Activity: Could you transcribe every record below exactly, leaving out the pictures?
::: Excerpted data
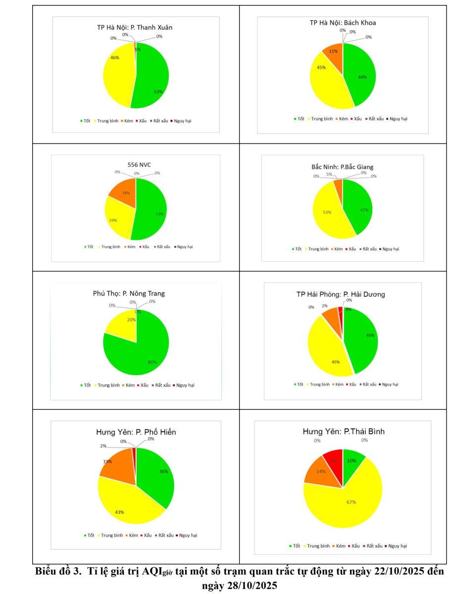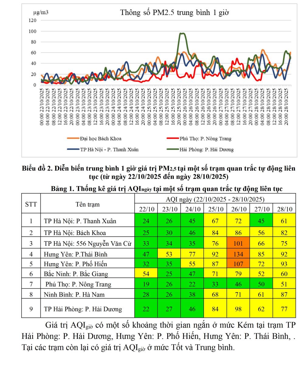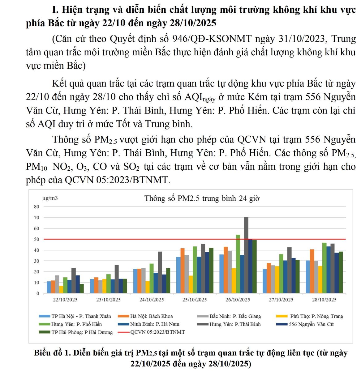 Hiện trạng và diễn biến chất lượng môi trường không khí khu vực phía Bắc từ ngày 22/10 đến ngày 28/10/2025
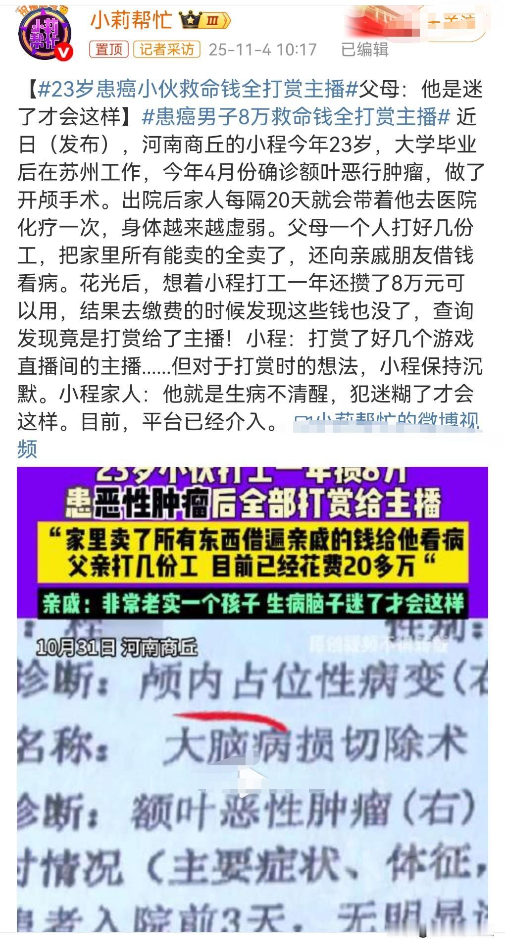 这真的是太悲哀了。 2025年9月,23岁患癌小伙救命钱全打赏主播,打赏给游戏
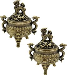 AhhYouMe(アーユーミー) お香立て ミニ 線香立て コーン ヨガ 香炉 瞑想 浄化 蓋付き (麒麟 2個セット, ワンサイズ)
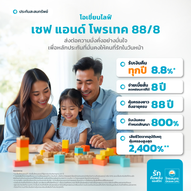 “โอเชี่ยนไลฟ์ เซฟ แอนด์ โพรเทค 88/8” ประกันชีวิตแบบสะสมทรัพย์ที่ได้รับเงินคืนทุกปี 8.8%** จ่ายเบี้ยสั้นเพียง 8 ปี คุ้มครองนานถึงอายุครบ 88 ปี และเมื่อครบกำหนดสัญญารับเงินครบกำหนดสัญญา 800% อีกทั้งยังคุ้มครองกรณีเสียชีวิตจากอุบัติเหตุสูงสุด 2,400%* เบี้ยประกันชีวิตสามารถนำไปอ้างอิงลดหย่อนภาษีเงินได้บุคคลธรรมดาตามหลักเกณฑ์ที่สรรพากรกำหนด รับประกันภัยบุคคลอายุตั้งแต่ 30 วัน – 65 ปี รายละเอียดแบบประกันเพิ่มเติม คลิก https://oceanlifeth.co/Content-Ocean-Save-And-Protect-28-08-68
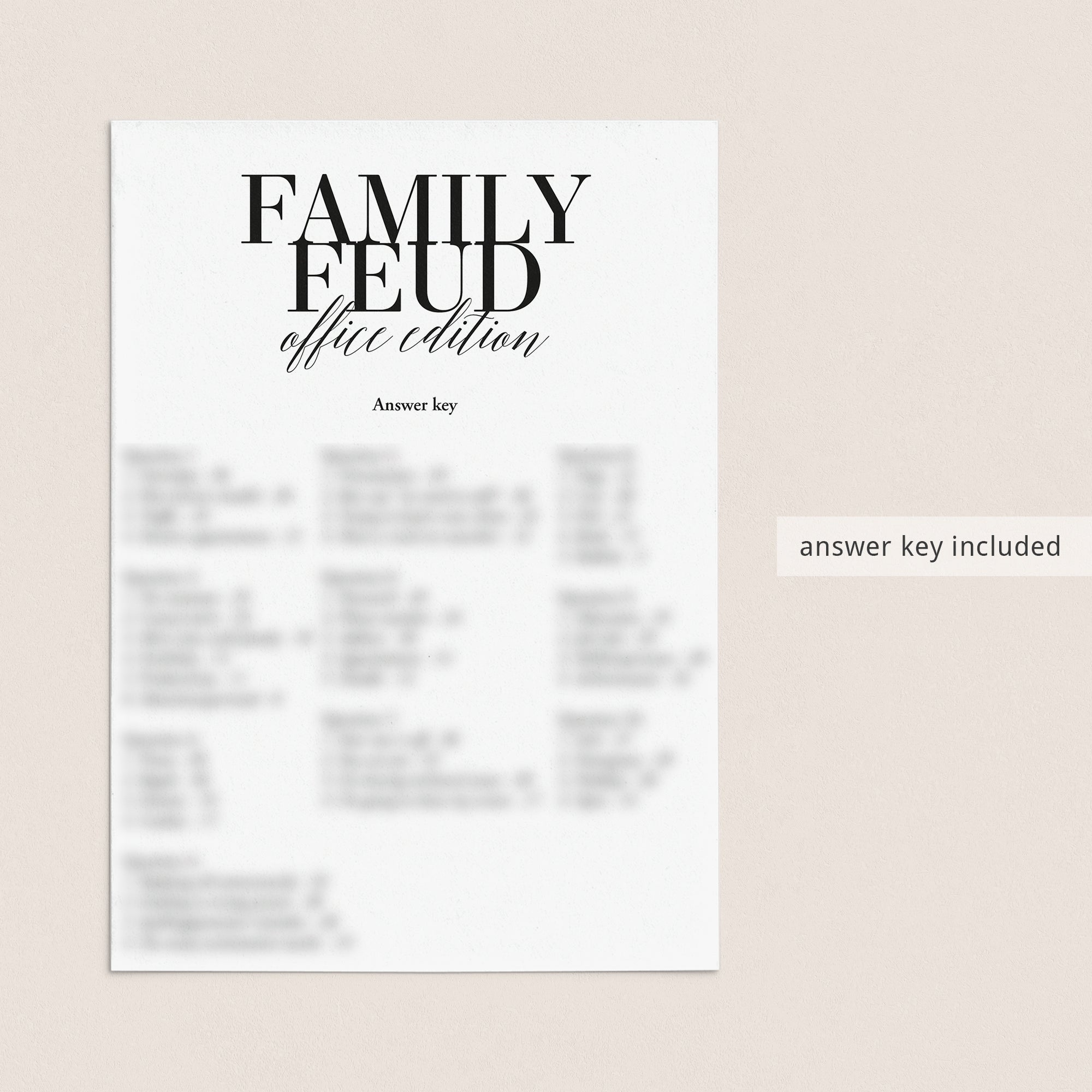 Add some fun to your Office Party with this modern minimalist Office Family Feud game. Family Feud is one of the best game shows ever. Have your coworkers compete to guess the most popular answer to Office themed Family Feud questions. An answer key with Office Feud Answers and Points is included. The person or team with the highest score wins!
::::::
Exercise solution:
 Hiện trạng và diễn biến chất lượng môi trường không khí khu vực phía Bắc từ ngày 22/10 đến ngày 28/10/2025
 这真的是太悲哀了。 2025年9月,23岁患癌小伙救命钱全打赏主播,打赏给游戏
 AhhYouMe(アーユーミー) お香立て ミニ 線香立て コーン ヨガ 香炉 瞑想 浄化 蓋付き (麒麟 2個セット, ワンサイズ)
 “โอเชี่ยนไลฟ์ เซฟ แอนด์ โพรเทค 88/8” ประกันชีวิตแบบสะสมทรัพย์ที่ได้รับเงินคืนทุกปี 8.8%** จ่ายเบี้ยสั้นเพียง 8 ปี คุ้มครองนานถึงอายุครบ 88 ปี และเมื่อครบกำหนดสัญญารับเงินครบกำหนดสัญญา 800% อีกทั้งยังคุ้มครองกรณีเสียชีวิตจากอุบัติเหตุสูงสุด 2,400%* เบี้ยประกันชีวิตสามารถนำไปอ้างอิงลดหย่อนภาษีเงินได้บุคคลธรรมดาตามหลักเกณฑ์ที่สรรพากรกำหนด รับประกันภัยบุคคลอายุตั้งแต่ 30 วัน – 65 ปี รายละเอียดแบบประกันเพิ่มเติม คลิก https://oceanlifeth.co/Content-Ocean-Save-And-Protect-28-08-68
 Add some fun to your Office Party with this modern minimalist Office Family Feud game. Family Feud is one of the best game shows ever. Have your coworkers compete to guess the most popular answer to Office themed Family Feud questions. An answer key with Office Feud Answers and Points is included. The person or team with the highest score wins!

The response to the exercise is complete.